19th Governor of Negros Oriental
- In office June 30, 2010 – January 5, 2011
- Vice Governor: Roel Degamo
- Preceded by: Jose Baldado
- Succeeded by: Roel Degamo

Mayor of Dumaguete
- In office June 30, 1992 – June 30, 1998
- Succeeded by: Felipe Antonio Remollo
- In office June 30, 2001 – June 30, 2010
- Preceded by: Felipe Antonio Remollo
- Succeeded by: Manuel T. Sagarbarria

Personal details
- Born: Agustin Ramon Miciano Perdices October 16, 1934 Dumaguete
- Died: January 5, 2011 (Aged 76) Taguig, Metro Manila
- Occupation: Politician

= Agustin Perdices =

Filipino politician (1934–2011)

Agustin Ramon Miciano Perdices (October 16, 1934 – January 5, 2011), fondly known as Tuting, was a Filipino politician.
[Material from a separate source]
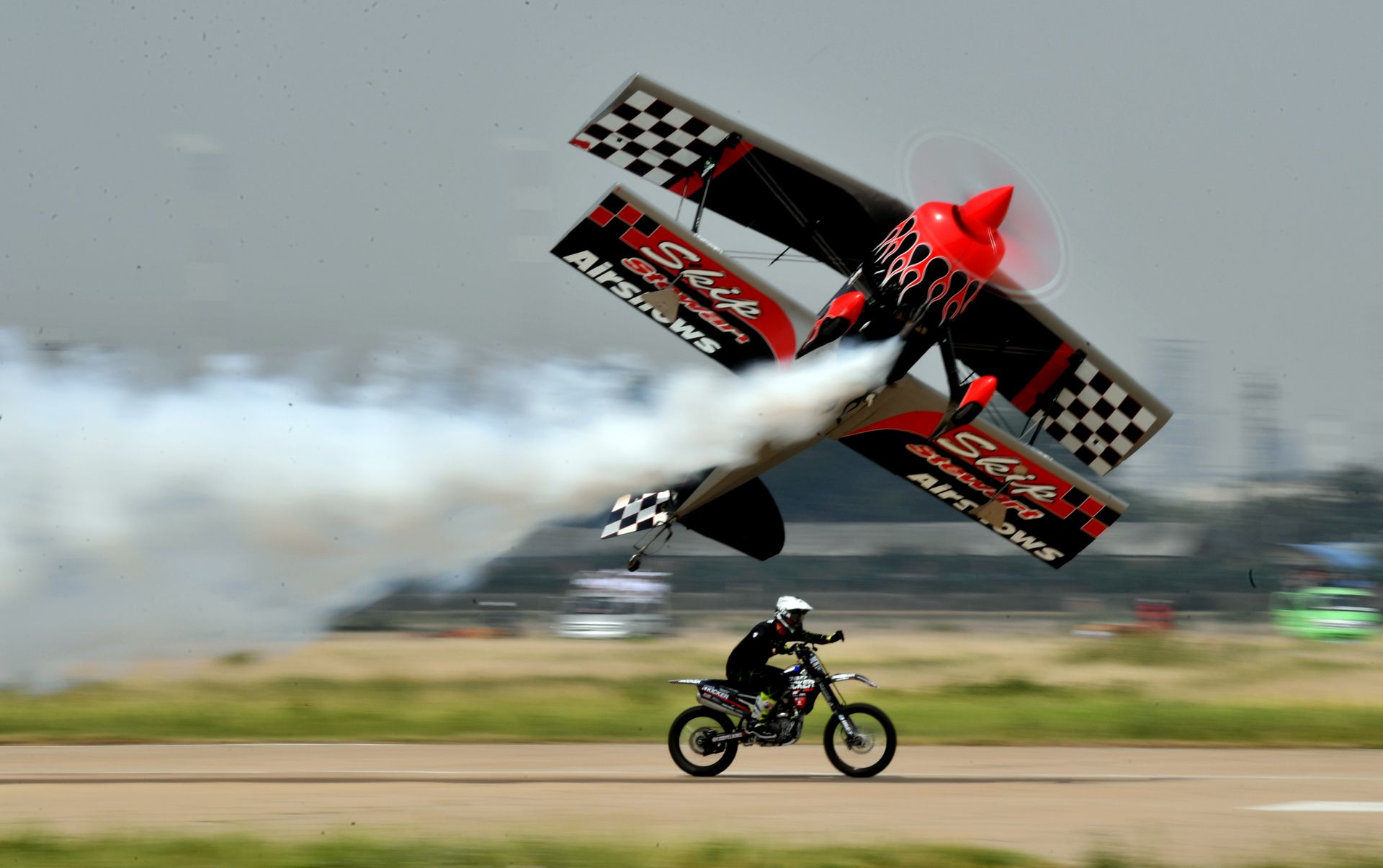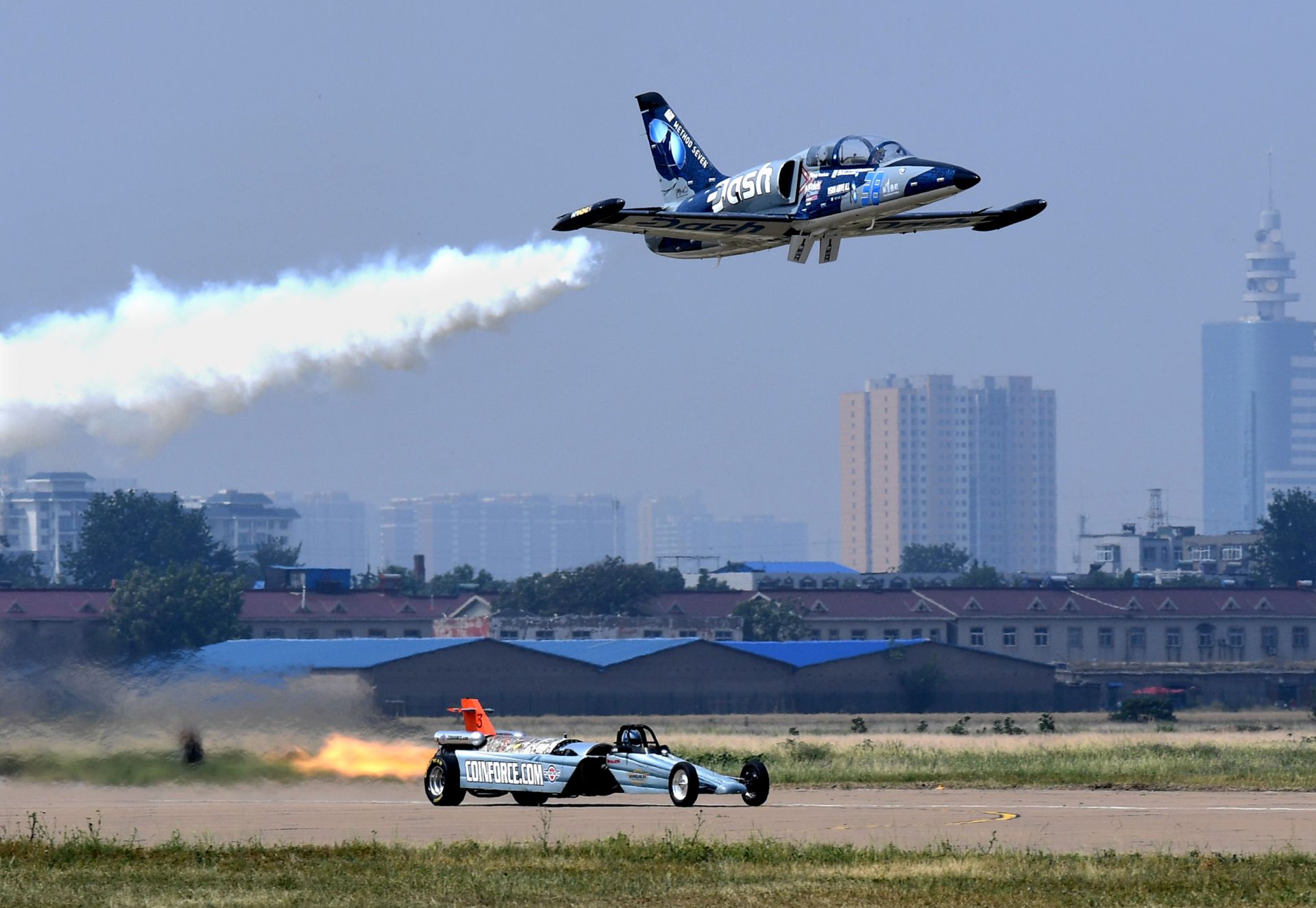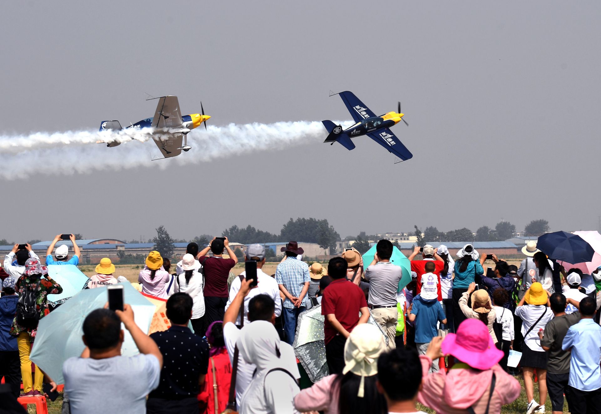 6月3日,在第十一届安阳航空运动文化旅游节开幕式上,航空爱好者驾驶飞机进行竞速表演。新华社记者 李嘉南 摄

He served as the mayor of the city of Dumaguete from 1992 to 1998 and again from 2001 to 2010 before being elected vice governor of Negros Oriental in the gubernatorial election of May 2010. However, the vice-governor-elect found himself governor-elect of Negros Oriental following the death of the just re-elected incumbent governor, Emilio Macias II, from liver cancer on June 13, 2010. Outgoing Vice Governor Jose Baldado took over as governor during the remaining days of Macias's term before Perdices then officially took the post of governor on June 30, 2010.

In November, just five months after taking office, Governor Perdices announced that he had been diagnosed with stomach cancer. He died at St. Luke's Global City Hospital in Taguig at 5 p.m. on January 5, 2011, at the age of 76.